Как обычно, я везла весь свой зверинец в клетках и корзинках. Увы, мой бедный Клювохлоп умер от гангрены, которая началась в его культе. Зато четырехлетний Питер благоденствовал. За все время он ни разу не болел. На него порой нападала ужасная икота, и поначалу я всякий раз боялась, что он задохнется. Но достаточно было взять его на руки и похлопать по спинке, как все проходило. После чего сконфуженный кролик, прижав уши, утыкался носом мне под мышку. Он умнел на глазах. Питер позировал, понимая, что я его рисую. В отличие от всех прочих моих маленьких друзей, он не боялся детей и с достоинством переносил их радостные вопли и неуклюжие ласки. Питер всегда имел ошеломляющий, триумфальный успех у зрителей, если, конечно, соглашался выполнять трюки. Увы, соглашался он далеко не всегда. То был единственный предмет наших разногласий: на публике кролик любил прикинуться круглым дурачком. Во время путешествий Питер примерно сидел у меня на коленях, и все умилялись его разумности.

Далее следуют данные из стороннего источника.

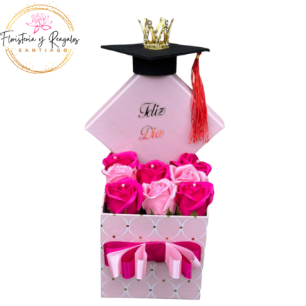 RAMO TENDENCIA CON 6 ROSAS JABON, GLOBOS INCRUSTADOS Y LINDA ENVOLTURA
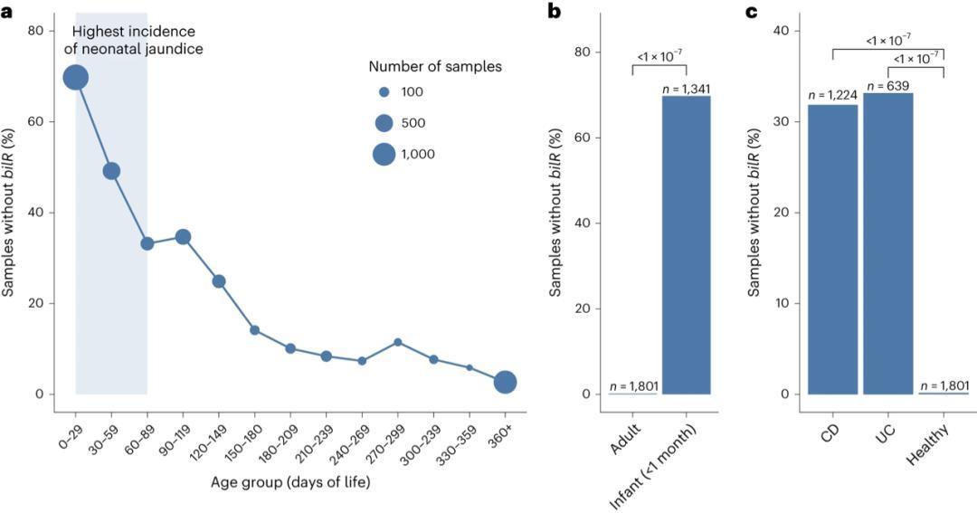 研究团队对4296份婴儿出生后1年内的肠道宏基因组样本进行分析,按30天龄分组统计bilR缺失率:出生前3个月bilR缺失率极高,而这一时期正是新生儿黄疸的高发期;随年龄增长,缺失率逐渐下降,至1岁时基本接近成人水平(图6a)。这一趋势表明,肠道菌群中bilR的定植情况与新生儿黄疸风险密切相关。

Однажды холодным июньским днем дорожная карета выгрузила нас перед арендованным в Питлохри домом. При виде этого серого зловещего здания с двумя квадратными башнями по бокам я осознала, что попала в страну вересковых пустошей и озер, в края Табиты, но без Табиты. Нас ждал старик со связкой ключей в руках.
СТАРИК
Файльтэ! Сиамар а тха сибх?
ПАПА
Не говорите ли вы по-английски, любезнейший?
СТАРИК
Я да, когда если надо, мой господин.
Странный ответ. Старик сообщил, что его зовут Дункан. Из его объяснений мы так и не разобрали, в чем конкретно заключались его обязанности. «Я отвечать за лавка». Если бы мы приехали сюда в поисках шотландского колорита, одного вида Дункана хватило бы с лихвой. На нем была дырявая рубаха, килт, стоявший колом от грязи, на волосах – рыжих, разумеется, – красный берет с помпоном. Он опирался на корявую трость, а на его шишковатом лице было столько оспин и глубоких морщин, что не сразу удавалось разглядеть глаза и рот.